Electron donor and acceptor utilization assays.

Biolog dye was used to monitor sulfite and hydrogen utilization in modified M1 minimal medium. Electron acceptor utilization was assayed in the modified M1 medium supplemented with 50 mM sodium lactate as the electron donor and carbon source and the electron acceptors to be tested. The bacterial cultures were incubated under anaerobic or microoxic conditions (without shaking to limit aeration). Nitrate and the nitrite concentrations were measured by using a standard colorimetric method (12).

Genetic manipulation.

The two-step protocol of selection (antibiotics resistance for the single crossover) and counterselection (sucrose sensitivity for the double crossover) was applied for in-frame deletion of a specific gene(s) by using suicide vector pDS3.0 (R6K replicon, sacB, Gmr)-based constructs carrying a fusion of upstream and downstream sequences of target genes (see Tables S1 and S2 in the supplemental material) as previously described (13). The suicide vector was introduced into Shewanella by mating using Escherichia coli WM3064 as the donor strain.

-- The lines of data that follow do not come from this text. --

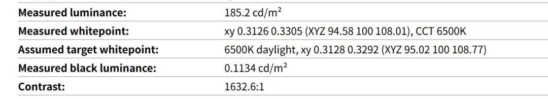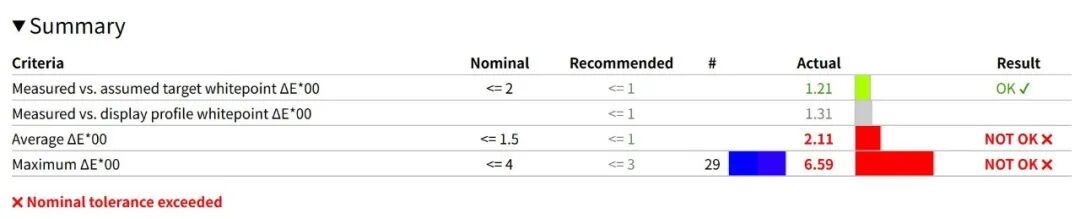 这块屏幕的DeltaE明显偏高,色彩准确性较为糟糕。平均2.11、最大6.59的色彩准度,足以让软件打出“NOT OK”评级,无法胜任专业用途。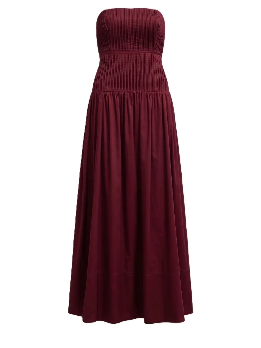 Strapless gown Straight neckline Structured bodice with internal boning Fine vertical ruching throughout bodice Defining waist seam Full skirt with tucks and gathers External metal zip with sculptural puller Lined style 100% Cotton UK size Model code: 26RE5185 Variant code: PLM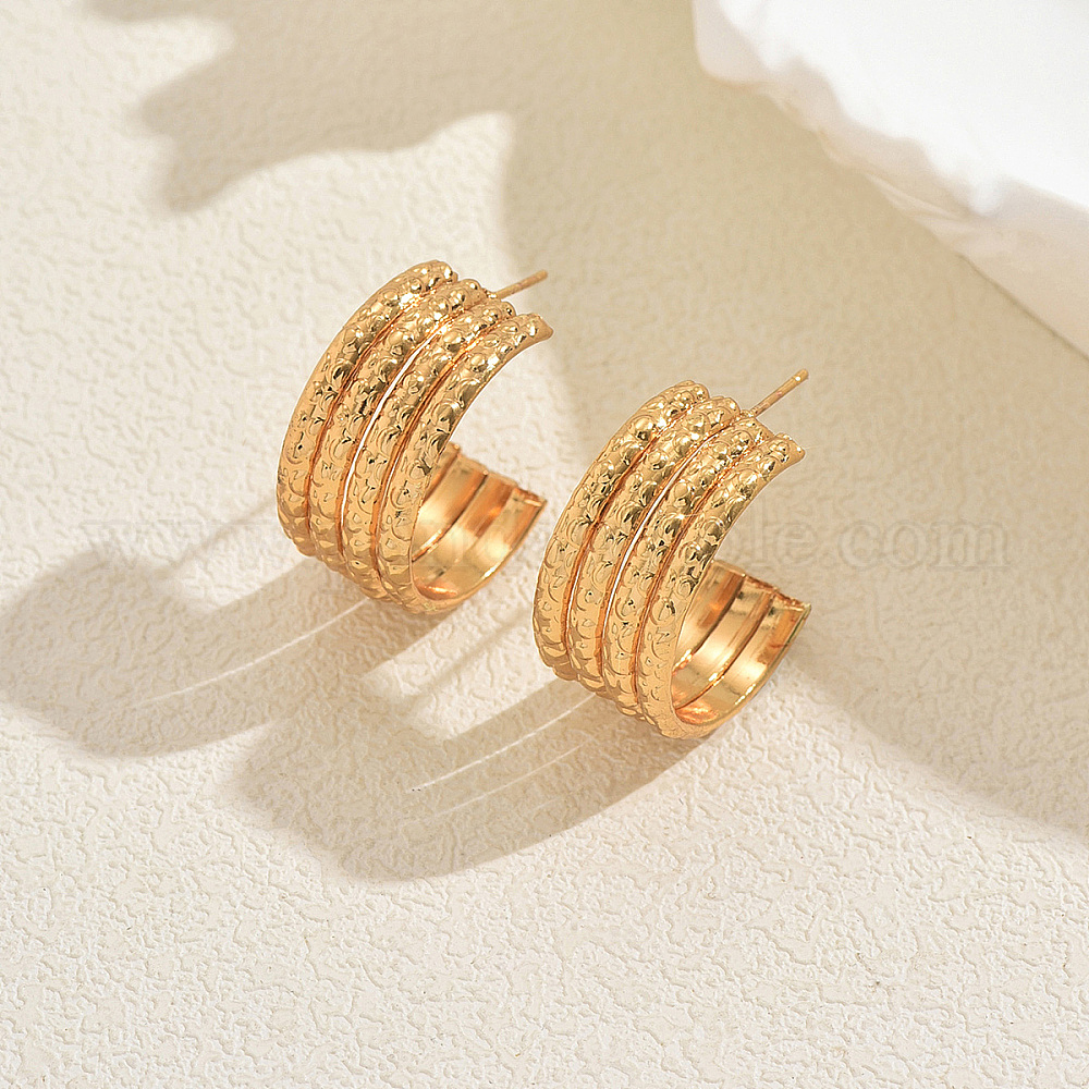 • Золотой Многослойные серьги-гвоздики из нержавеющей стали в форме буквы С, золотые, 28x13 мм
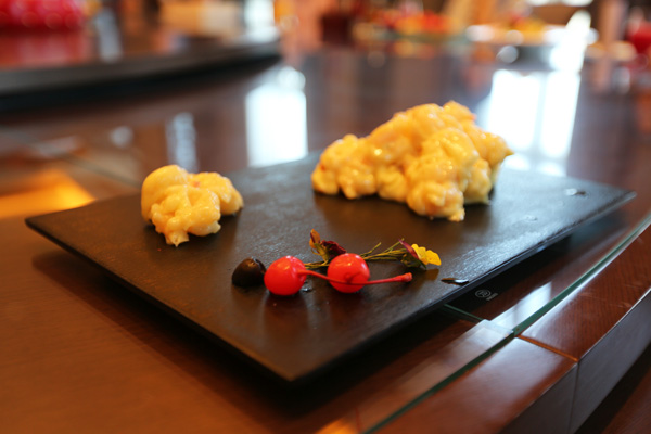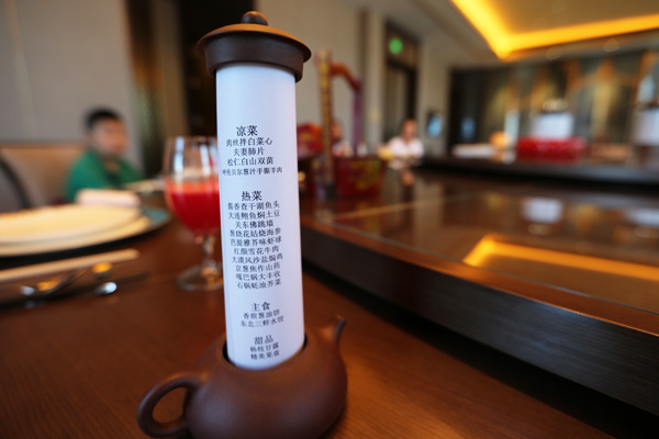 景园中餐厅的空间设计在保持典雅清新的就餐环境的同时,增加了玻璃画绢的设计手法,通过中式的图案结合屏风的形式凸显中餐厅的特质,无论是矗立门口的小石狮,亦或者是表达天圆地方的方桌和圆桌组合,每一处设计都包含着一些寓意和小心思,景园中餐厅共有6间大小不一的包房,每件包间内的水晶雕件概念均源于松花江完全融化前晶莹剔透的冰凌,配合中餐厅主营的东北菜,让每位宾客都能领略到到东北菜的真正魅力所在。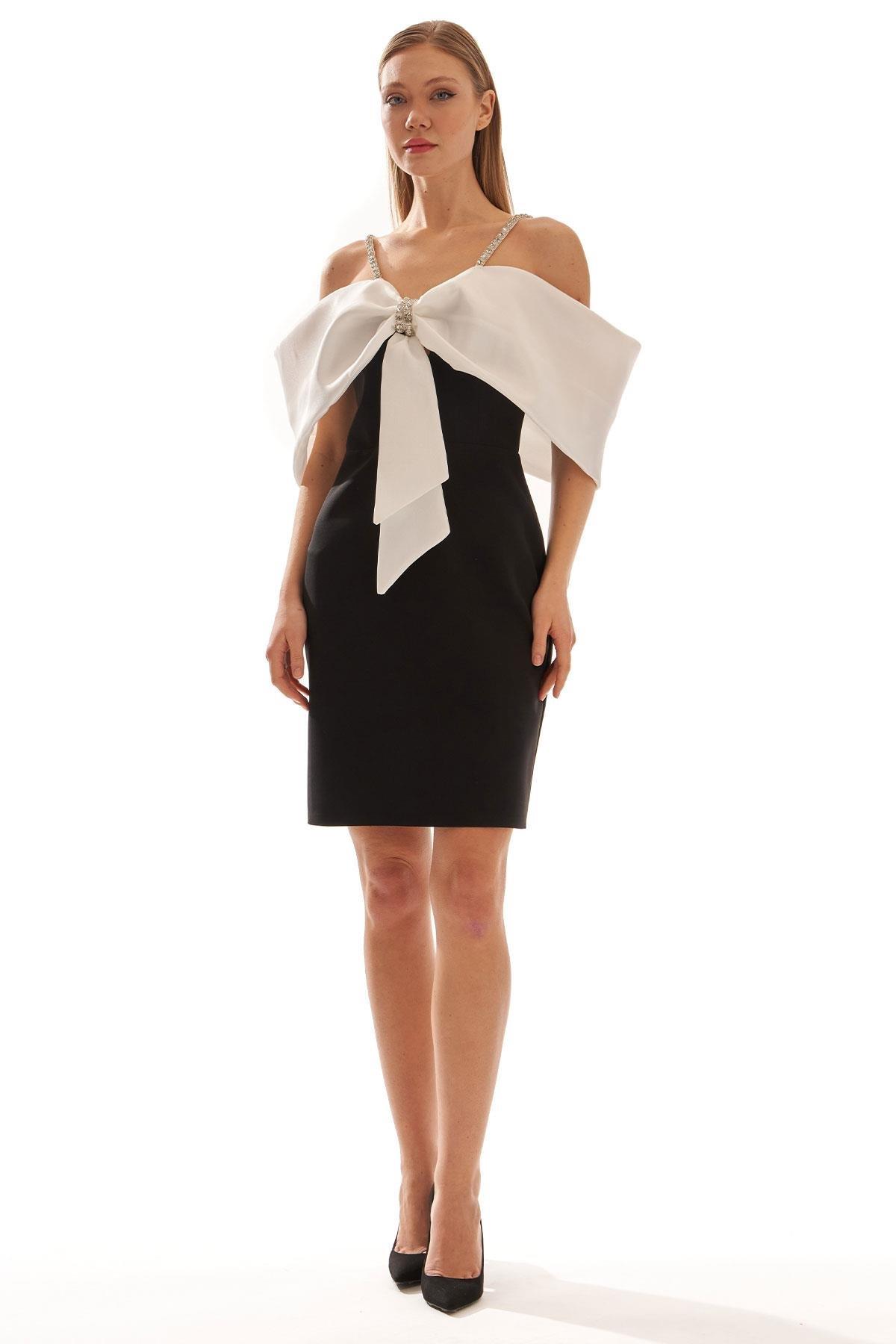 Düşük Kol Askıtaş Işlemeli Krep Kumaş Kısa Abiye Elbise

RNA extraction and RT-PCR analysis of gene transcription.

Total RNA was extracted by using RNAiso Plus (TaKaRa) and an RNAprep Pure Cell/Bacteria kit (Tiangen Biotech [Beijing] Co., Ltd.), and RNA was further purified using DNase I treatment. The integrity of RNA was evaluated by agarose (0.8%) gel electrophoresis. The RNA concentration and purity were measured on a spectrophotometer (Nanodrop Technologies, Wilmington, DE). To prepare cDNA, 2 μg of total RNA was reverse transcribed (RT) using a PrimeScript RT reagent kit with gDNA Eraser (TaKaRa) and a TIANscript RT kit (Tiangen Biotech [Beijing] Co., Ltd.) according to the manufacturer's protocol. The PCR thermal cycles were as follows: 5 min at 95°C for cDNA denaturation followed by 27 to 30 cycles of 40 s at 95°C, 40 s at 51°C, and 30 s at 72°C. A final elongation step was performed for 10 min at 72°C. RT-PCR products were separated on a 0.8% agarose gel containing ethidium bromide and visualized by UV light and Bio-Rad Image software. The data presented represent relative mRNA levels normalized to 16S rRNA transcript levels, and the value of the control was set to 1. All the experiments described were performed in triplicate to obtain means and standard deviations (SD). The PCR products were also sequenced to confirm amplification of target genes. The primers used are listed in Table S2 in the supplemental material.

RESULTS

Establishment of genetic manipulation in strain W3-18-1.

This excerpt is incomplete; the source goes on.